Break your DNI? Block
Make you even a little uncomfortable? Block
You disagree on something that, maybe your generally ok with disagreers, but they seem extreme or it comes up often? Block
Seem annoying? Block
Claims to be supportive/unsupportive of something but suspicious/reblogs dog whistles n shit? Block
Constantly dming you and you didn't sign up for that? Block
Doesn't respect your boundaries? Block
Not blank blog but has no views or anyway to tell if they break your DNI? Block
Mutuals with someone who breaks your DNI? Block
Constantly passive aggressive to others they dislike, even if it's not towards you? Block
Overly aggressive/violent towards those who are on both your dnis? Block
Immature to a degree that's just silently pissing you off? Block
Lies to you, even if it's innocuous? Block
Neutral on an issue that either has no moral neutral stance/shows compliance with serious issues/you feel strongly about it? Block
Have an extreme view of something you agree with but they support aspects you don't? Block
Seem chronically online and your not with that hyper vigilant crap? Block
Not getting your social signals that one or two dms/asks is not a contract for 6 to 10 to 50 a day? Block
They seem fine but their vibes are atrocious? Block
Wether you've been friends/mutuals for 6 days, 6 months or 6 years, you don't owe someone your space and content. Your blog is your space, you make it what it is, you decide what's on it. DNI violation and personal harassment is not the only valid reason to block someone. If you find yourself waiting and searching for a reason to block someone, just waiting for them to slip up again, just block them and be done with it. One small reason is reason enough. One suspicion is reason enough.

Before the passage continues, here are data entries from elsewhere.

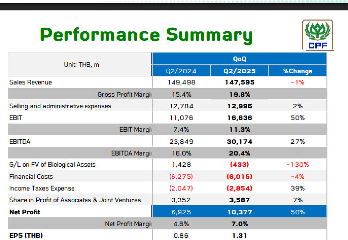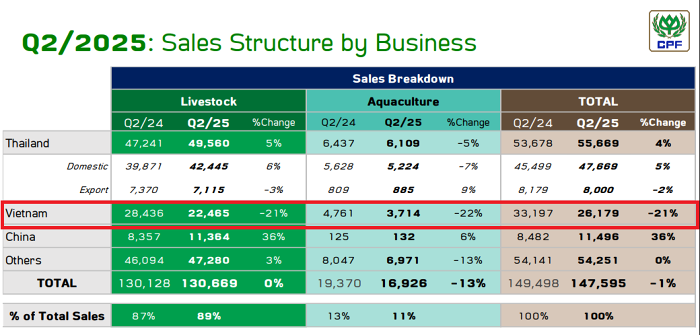 Tuy nhiên, cũng có “ông lớn” đi lùi kết quả kinh doanh trong quý này, là C.P. Việt Nam. Trong quý II/2025, "ông trùm" chăn nuôi Thái Lan ghi nhận tổng doanh thu gần 147,6 tỷ Baht, tương đương gần 119.500 tỷ đồng đồng (theo tỷ giá ngày 19/8), giảm 1% so với cùng kỳ. Tuy nhiên, lãi ròng vẫn tăng mạnh 50% lên 10,4 tỷ Baht, chủ yếu nhờ biên lãi cải thiện đáng kể nhờ đà tăng của giá thịt heo và giá gia cầm.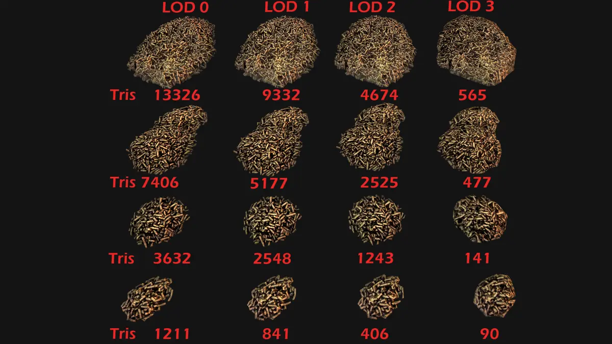 - Verts: 642(LOD0),450(LOD1),222(LOD2),54(LOD3).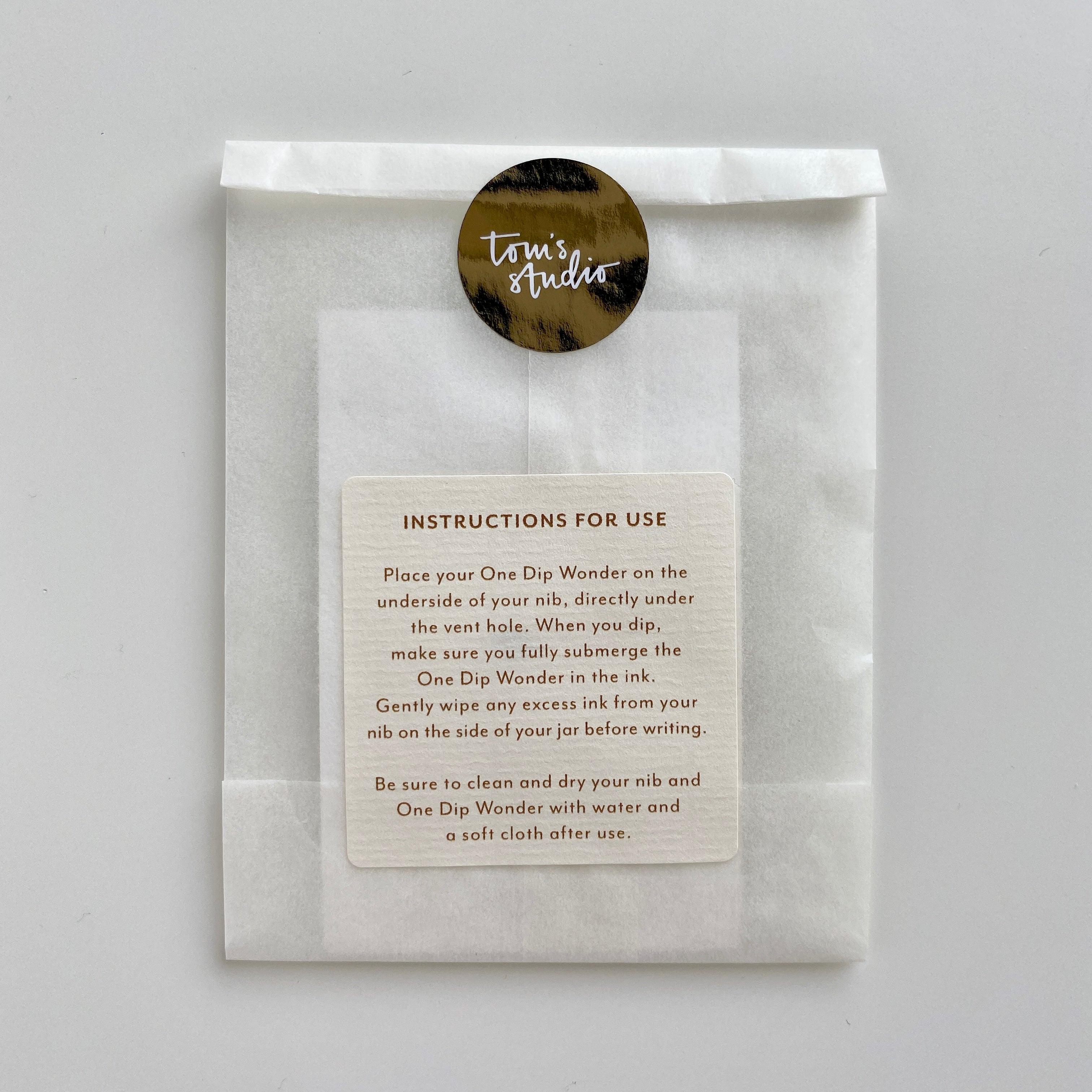 Simply place it on the underside of your nib directly beneath the vent (that's the hole in your nib). Dip into your ink as you normally would, making sure you submerge the One Dip Wonder ink the ink too, then write to your hearts content. This fantastic reservoir will hold 5 to 7 times more ink than your nib alone.

I've blocked people for supporting the same shit I have but being annoying or performative about it. I've blocked people cause I found one word on their whole blog thats only used by proshippers. I've blocked people for being part of a fandom I know is toxic and them showing signs of being on the toxic side. Any small reason is enough and you don't owe that person "the chance to change/prove themselves". Not on the Internet. This isnt a parent or long time irl friend, this could be a person you dm daily or a person who liked a single one of your posts.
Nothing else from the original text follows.